Punk ist tot, q.e.d. !!!
Nö. Nur weil ein audifahrer ohne Ahnung die Hosen für Punk hält noch lange nicht. Die Toten hosen sind so ne Art mainstream Deutschhardrock von der Musik her, klar. Campino ist ein furchtbarer Dummschwätzer der relativ offensichtlich zuviel geld für südamerikanische Stimmungsmacher übrig hat.
Finde an den Hosen trotzdem relativ viel sympatisch, die Zelebrierung der Köln Verachtung, Bayern Verhöhnung, Fortuna Düsseldorf-Verehrung, das ganze hochhalten derr Proll-Fahne eben, die Cover-Platte mit den englischen Punkrock klassikern ... neue Platten würde ich trotzdem keine kaufen. Und mit Punk haben die Hosen wirklich nicht (mehr) so viel zu tun.
Gestern besuchte ich auf das Boxhamsters Konzert in Marburg. Diese Punkband gibts seit 1987, 6 oder 7 Platten im Eigenverlag rausgebracht, keine Videos auf MTV und Viva. jetzt die erste Platte auf nem Hamburger Label. Komischerweiser schreit keiner Ausverkauf und kommerz. Die Szene scheint es ihnen zu gönnen, in 17 Jahren und bei Konzerten auch vor nur 20 Leuten in der Pampa haben sie die credibility erworben. Der Sänger ist mittlerweile 39, hat ein Kind. Der Basser arbeitet schon seit Jahren in einem regulären Job, den er sogar gelernt hat. Ist es Punkrock?
9 Euro eintritt, ich hatte mehr erwartet. auch bei den Preisen noch Punkrock. Konzert ziemlich voll, Publikum von 14-45 buntgemischt. Punkrock-Familienfest . Vorband "Trend" ist erträglich bis nett, fast ein bischen retro, aber textlich und musikalisch zu harmlos. Dann die Boxhamsters. Nach dem ersten Schlagzeugeinsatz klar, wo der Hammer hängt. Pogo vor der Bühne. Eine Saite reisst. Gitarre gewechselt, Lied an der gleichen stelle weitergespielt. Ein paar langsamere Lieder sind dazwischen, ansonsten die melancholischen melodien von Gesang und gitere über den klassischen schnellen Punkbeats. Sie spielen straight durch, kaum Pausen oder alberne ansagen, kein sich ewig feiernlassen und auf Zugaberufe warten. Immer noch eine instution im deutschsprachigen Punkrock. Und angeblich steht auch wiedere eine kooperation mit der Düsterpunklegende EA 80 an. Wäre etwas, worauf man sich freuen könnte.

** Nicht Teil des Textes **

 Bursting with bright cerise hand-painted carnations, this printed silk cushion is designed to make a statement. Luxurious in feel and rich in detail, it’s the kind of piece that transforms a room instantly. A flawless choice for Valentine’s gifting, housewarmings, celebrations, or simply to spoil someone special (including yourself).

Punkt lebt, gestern wieder ein eindeutiger beweis. Auch wenn die Protagonisten teils wie Zombies, teils wie gestandene Familienväter aussehen.
Ach so, der Laden, indem das Konzert stattfand, wird zu einem großen Teil von ehrenamtlichen geschmissen. Trotzdem oder gerade deswegen spielen da immer wieder überregional bekannte Bands. Passt irgendwie.
Was ist Punk?
Für mich sind Radiohead, die Boredoms, Aphex Twin oder Fantomas mehr Punk als Blink 182, logisch. Boxhamsters oder EA 80 sowieso. Wenn Mia erzählen, sie machten Elektropunk und dann zum Grand Prix antreten ist das natürlich lächerlich. Aber es gibt eben keinen Titelschutz für das Punk-Etikett. jeder Dummschwätzer kann es für sich in Anspruch nehmen.

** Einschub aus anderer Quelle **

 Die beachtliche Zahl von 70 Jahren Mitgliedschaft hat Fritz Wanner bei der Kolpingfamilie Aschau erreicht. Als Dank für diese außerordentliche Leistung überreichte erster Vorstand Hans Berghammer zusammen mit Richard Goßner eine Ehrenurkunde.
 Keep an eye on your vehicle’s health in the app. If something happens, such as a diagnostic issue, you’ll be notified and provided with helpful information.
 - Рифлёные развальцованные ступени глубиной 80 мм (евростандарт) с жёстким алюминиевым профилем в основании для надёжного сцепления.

Was man unter Punk versteht ist natürlich ziemlich individuell. Keine von den Bands, in denen ich spielte und spiele, war musikalisch wirklich Punk. Aber jede hatte etwas kompromissloses, wütendes, verzweifeltes. Immer haben wir versucht, möglichst viel selbst zu machen an Organisation und Produktion. Ging auch gar nicht anders, weil uns eh nie jemand gesignt hätte.
Aber ob ich damals auf geliehenen Bässen oder meinem schrottigen Ostblock-Bass gespielt habe, kaum Geld für neue Saiten hatte, da ich Nachtarbeit an der Tanke unterbezahlt war oder heute halbwegs vernünftiges ziemlich umfangreiches Equipment und einen regulären job habe, das Prinzip ist immer noch ähnlich.
Beim letzten Konzert meines aktuellen Projektes habe ich Synthie und Gitarren gespielt, obwohl ich beides noch weniger kann als Basspielen. Aber es hat funktioniert für die paar Leutem, die den Weg in die kleine Untergrundkneipe gefunden haben. Für meinen Bandkumpel und mich hat es auch funktioniert. Also alles im grünen Bereich und irgendwie immernoch ein wenig Punk und underground. Geht auch gar nicht anders.
Irgendwann dieses Jahr werden wir noch einen Teil unseres mit schnöder Lohnarbeit hart verdienten Geldes in selbstproduziertes Vinyl im Eigenverlag stecken. Anachronistisch und kommerziell gesehen unsinnig, da ein absehbares Verlustgeschäft. Also irgendwie Punk?